そして海上。戦いを終えた凪たちの下に、どこからか通信が入る。最初こそノイズが混じり、途切れ途切れでしか声が聞こえなかったが、イースタン島周囲に展開されていた赤い海が消えていくと、やがてそれが落ち着いてくる。
聞こえてきたのは流暢な英語だった。言葉に応えたのは北条だ。北条もまた英語で応答し、何者かを問う。
「こちらサンディエゴ所属、主力艦隊旗艦サラトガ。改めてそちらの所属をお尋ねします」
「こちら日本横須賀鎮守府提督、北条。
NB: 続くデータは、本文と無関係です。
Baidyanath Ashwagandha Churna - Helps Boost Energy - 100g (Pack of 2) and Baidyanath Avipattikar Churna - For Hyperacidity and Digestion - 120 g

この海域を制圧していた深海棲艦撃破のため、馳せ参じたものである」
「OK、Mr.北条。提督から聞いています。そして迅速に海域へと駆けつけられなかったことを謝罪いたします。詳しい話は、そちらに私たちの提督が合流してからでもいいかしら?」
「問題ない、ではイースタン島で落ち合おう。そちらは今どこに?」
「まもなくMr.北条からも確認できるでしょう。ああ、今、私からもそちらが確認できました」
と、英語でのやり取りの中、北条らが艦橋から様子を窺ってみると、東の方角からたくさんの人影が見えた。サンディエゴ海軍基地から派遣されたと思われる米国の艦娘たちだろう。艦載機から送られてくる映像から見るに、凪たちが出撃させている艦娘たちと並ぶほどの人数が艦隊を組んでいた。
そして少し離れた後方に、凪たちと同じく指揮艦と思われる船が航行している。そこにサラトガが言うサンディエゴ海軍基地の提督が乗船しているのだろう。
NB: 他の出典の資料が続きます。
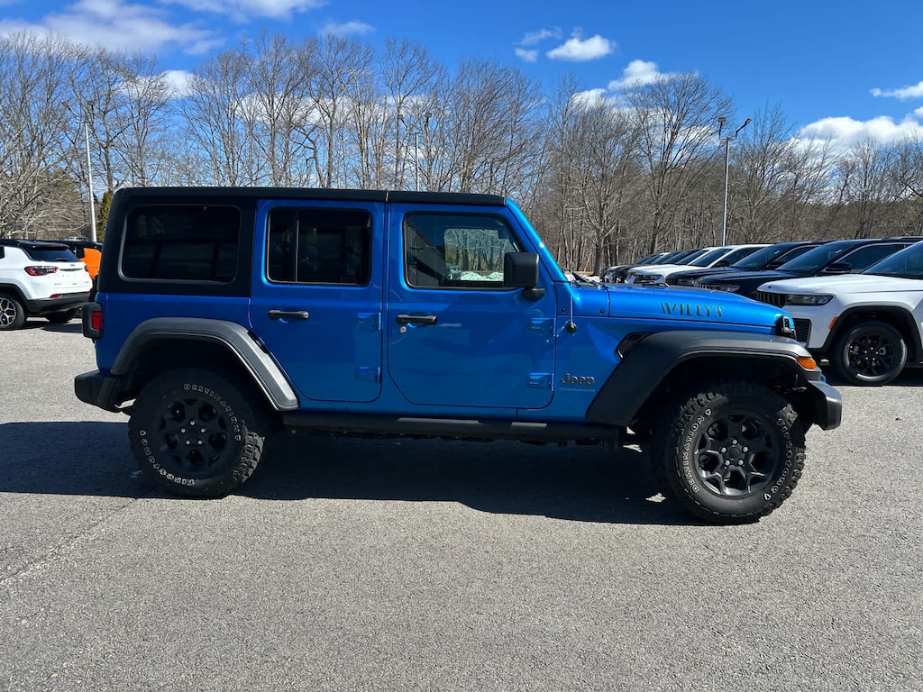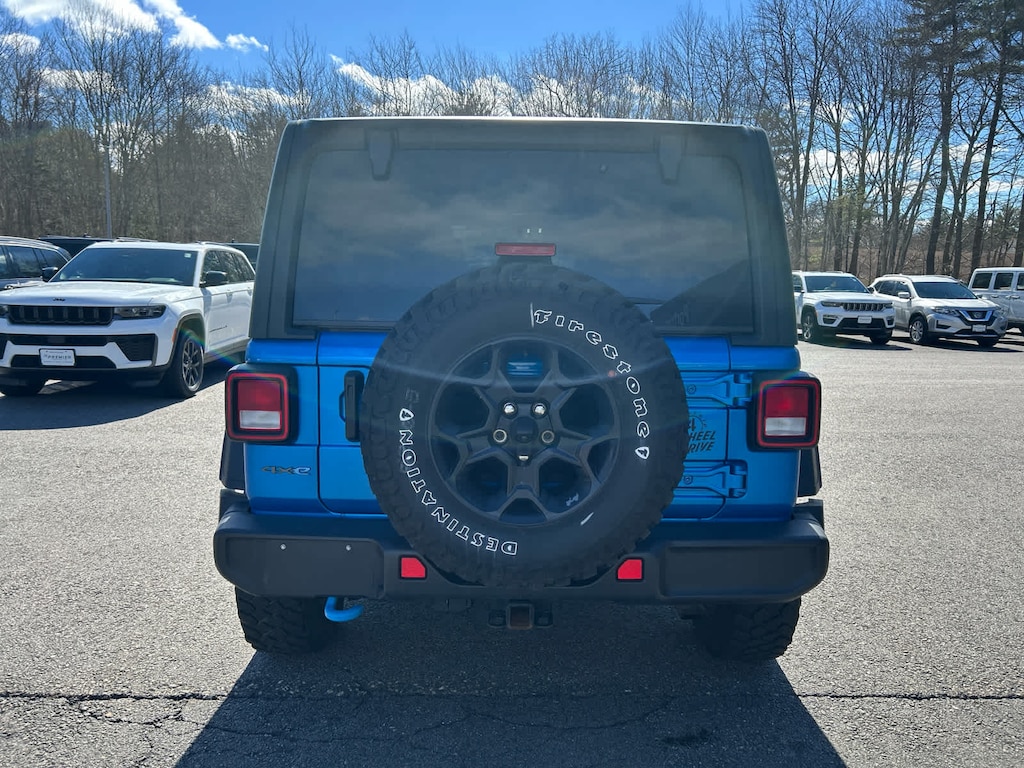 Freedom Panel Storage Bag, Rear Window Defroster, Rear Window Wiper/Washer, Heated Steering Wheel, Remote Start System, Heated Front Seats, Class II Receiver Hitch, 700 Amp Maintenance Free Battery, 7 & 4 Pin Wiring Harness, Auxiliary Switches, Off-Road Info Pages, SiriusXM Traffic Plus, HD Radio, Radio: Uconnect 4C Nav w/8.4 Display, For Details, Visit DriveUconnect.com, Rear View Auto Dim Mirror, 1-Year SiriusXM Guardian Trial, GPS Navigation, SiriusXM Travel Link, Emergency/Assistance Call, 8.4 Touchscreen Display, Universal Garage Door Opener, Engine: 2.0L I4 DOHC DI Turbo PHEV, Transmission: 8-Speed Auto 8P75PH PHEV, Willys, 4xe 4-Wheel Drive Swing Gate Decal, Willys 4xe Hood Decal, Black Grille, MOPAR All-Weather Floor Mats, Rock Protection Sill Rails, 97 MPH Vehicle Max Speed Calibration, Anti-Spin Differential Rear Axle, Molded-In-Color Fender Flares (2-Piece), Front LED Fog Lamps, LED Premium Reflector Headlamps, LED Headlamp & Fog Lamp Group, (STD), (STD). MP3 Player, Keyless Entry, Privacy Glass, Child Safety Locks.

こうしてミッドウェー海域における戦いは幕を閉じる。不可解なことが多く、中間棲姫が撤退したとはいえ、勝ったという気持ちも起こらない程の結末。
だがどうしてだろうか。
凪は妙な不安に苛まれる。この戦いが妙な終わりを迎えたことだけではない。最初に考えていた予想、それが的中しているのではないかという不安が再度よぎる。
通信は相変わらず大本営と繋がらない。赤い海が消え、サンディエゴに所属している艦娘との通信はできても、本国との通信は未だ不良のままだ。あそこで一体何が起きているのだろうか。
(無事でいてくれよ、みんな……)
ただ、そう祈ることしかできないことに、歯噛みするしかなかった。